The OP said he told the grandmother about the marijuana use.

Well, her husband isn't really the spiritual type. His spiritual depth is entirely based on the size of the bowl he's getting ready to smoke. Being high most of their days, they are given the illusion of being "higher thinkers" and have come to the conclusion that they are "smarter than God". He knows better than anybody is his basic philosophy. Well, her grandmother kinda of eluded to the fact that she wanted me to try and convince her and her husband to come to church, to which I replied with my previous statement. Not in a judgemental way, but simply a matter of fact way,

According to the OP the grandmother only expressed a wish for the couple to come to church. The grandmother was not the gossip here.

She brought up a number of points about their lifestyle, as she's aware of everything I had spoken of to her in regards to that, but the main idea was to have me get them to come to church.
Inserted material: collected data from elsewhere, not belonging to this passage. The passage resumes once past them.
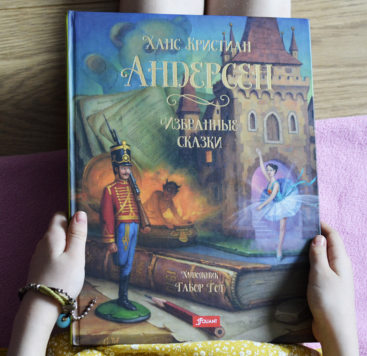 Давайте посчитаем: «Снежная королева», «Русалочка», «Гадкий утенок», «Дюймовочка», «Принцесса на горошине», «Стойкий оловянный солдатик», «Новое платье короля» (я бы вспомнила как просто «Голый король»), «Свинопас», «Дикие лебеди», «Оле-Лукойе» и «Девочка со спичками». Пожалуй, вот мой список – 11 сказок. Сколько у вас? Я нашла информацию, что он написал 184 сказки плюс пьесы, романы, стихи и очерки, всего 3342 произведения. Мне явно пора расширять свои знания о творчестве этого датского писателя! Для начала я выбрала книгу издательства «Фолиант» — Ханс Кристиан Андерсен «Избранные сказки» с иллюстрациями Габора Тота, венгерского художника. В книге 14 сказок. Из известных мне только 5: «Стойкий оловянный солдатик», «Девочка со спичками», «Свинопас», «Принцесса на горошине» и «Новый наряд короля». Еще 9 совсем незнакомых: «Блоха и профессор», «Серебряная монетка», «Двенадцать пассажиров», «Ромашка», «Штопальная игла», «Лён», «Буря перемещает вывески», «Чайник» и «Снеговик». Моя дочка по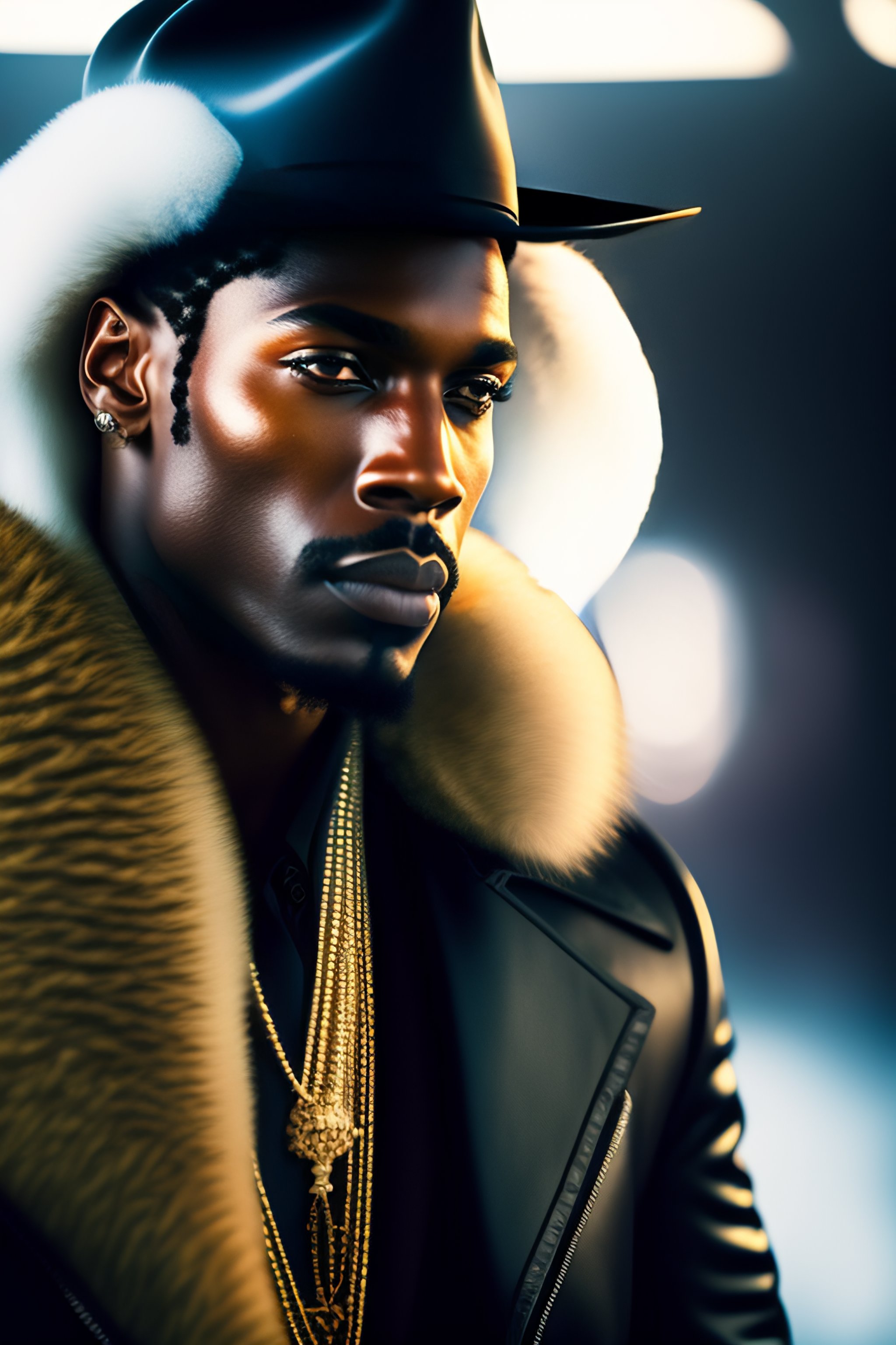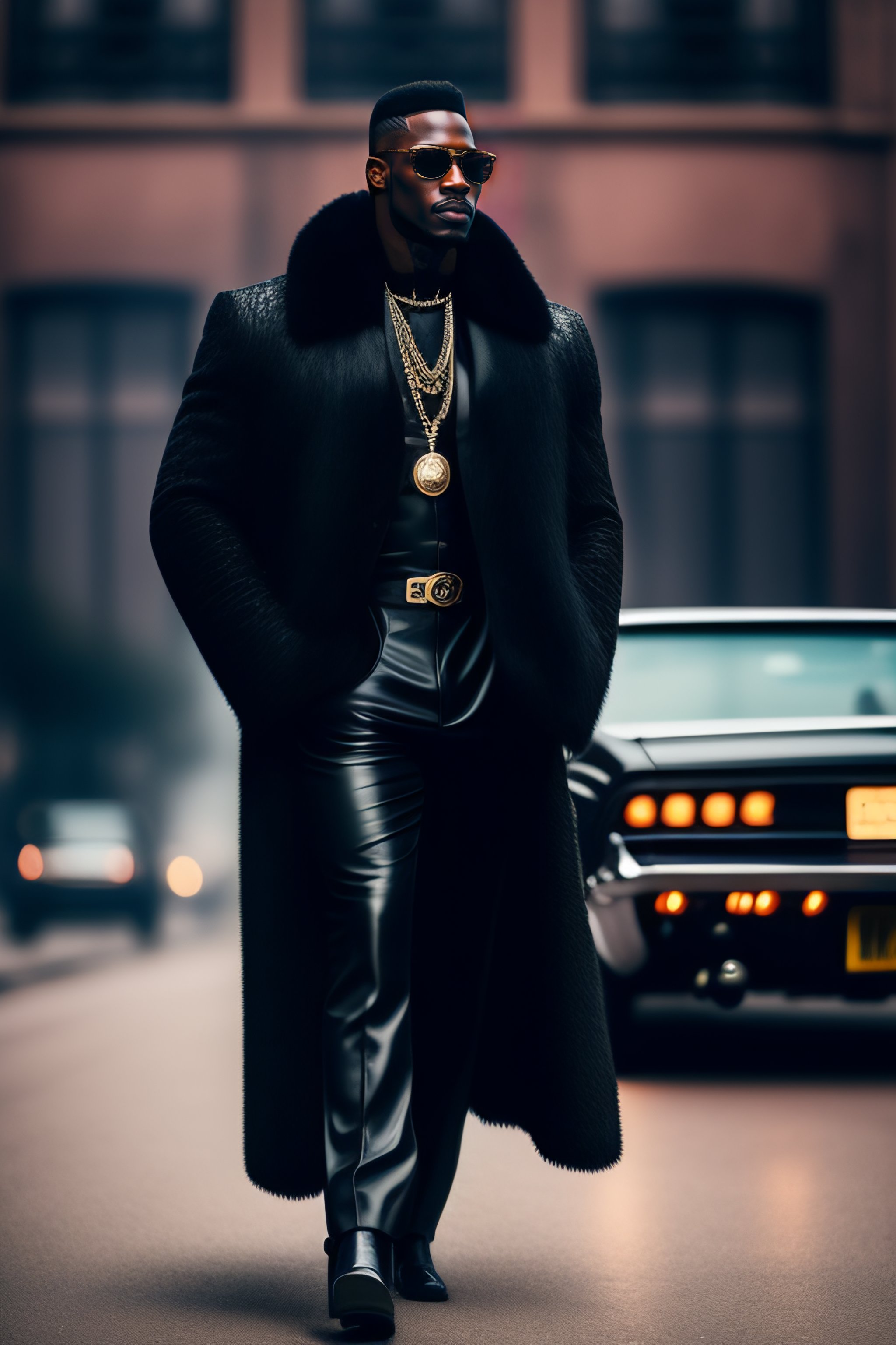 A real person in high quality photography picture looking like a black pimp with black leather clothes and a white fur coat and a big machine gun in his hand, in the style of american gangster movie, the look and feel should be more like 1972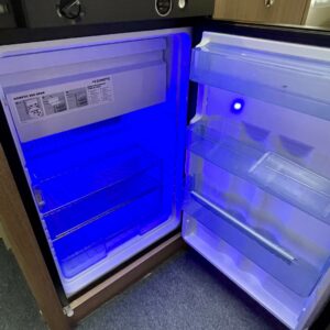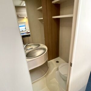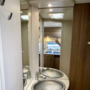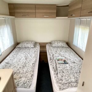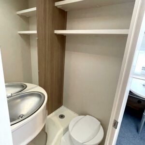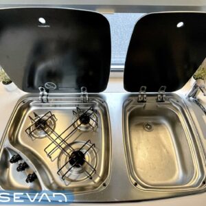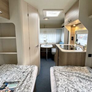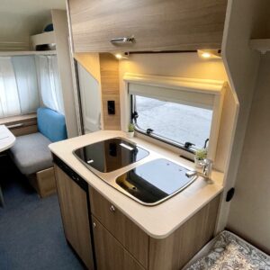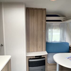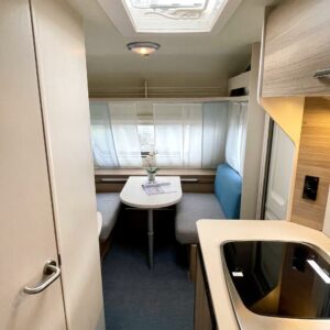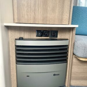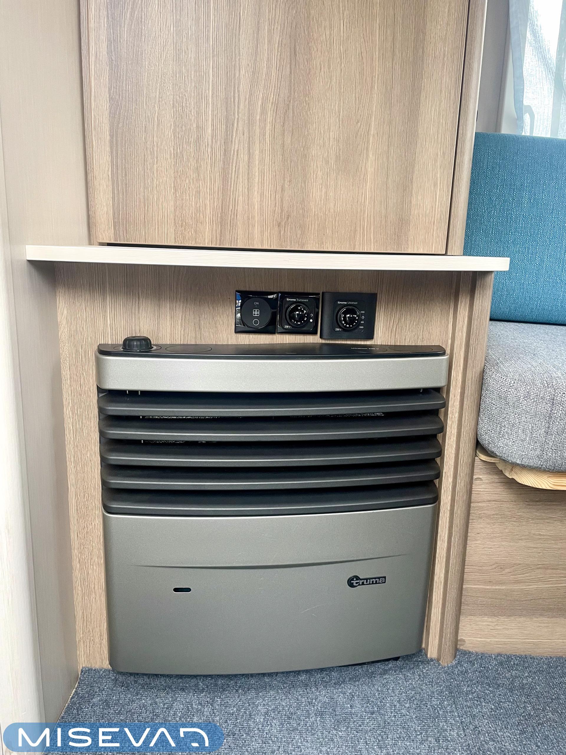 Trumatic- ilmapuhalluslämmitys, Truma, Sähköpatruuna, Erillisvuoteet, Jääkaappi, Kasetti WC, Kasettiverhot, Kattoluukku, Liesi, Lämminvesiboileri, Markiisi, Pakastelokero, Pesuallas, Tukijalat, Asuinosan hyttysovi/verho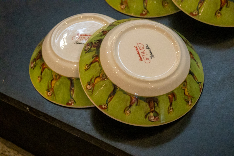 Det var Sand-utstilling i foajéen da jeg var på Kolben 7. oktober for å se Kolbotn fotoklubb sin utstilling i biblioteksgalleriet, og der var disse klovneskålene – plassert slik opp ned – designet av Marianne Aulie. De fikk meg til å smile, og ønske meg en slik til et måltid som skulle kjennes ålreit.

I apologize for leaving out the depth and contents of the discussion, but it was a rather lengthy conversation.

I think the point I was trying to make was that I just dont see how this is gossiping nor slandering this couple, just in what was written I saw a grandmother trying to find avenues to bring her grandchild back into the fold. Sometimes in our thinking we sometimes say too much to make a point or bring home the problem. If thats the case then we are all completely guilty for talking about our kids, parents, friends, etc, to our friends, pastors etc when we are looking for advice or ways to help others. And really I think that is all the grandmother was trying to do is find other ways to talk the grandkid into coming back to church.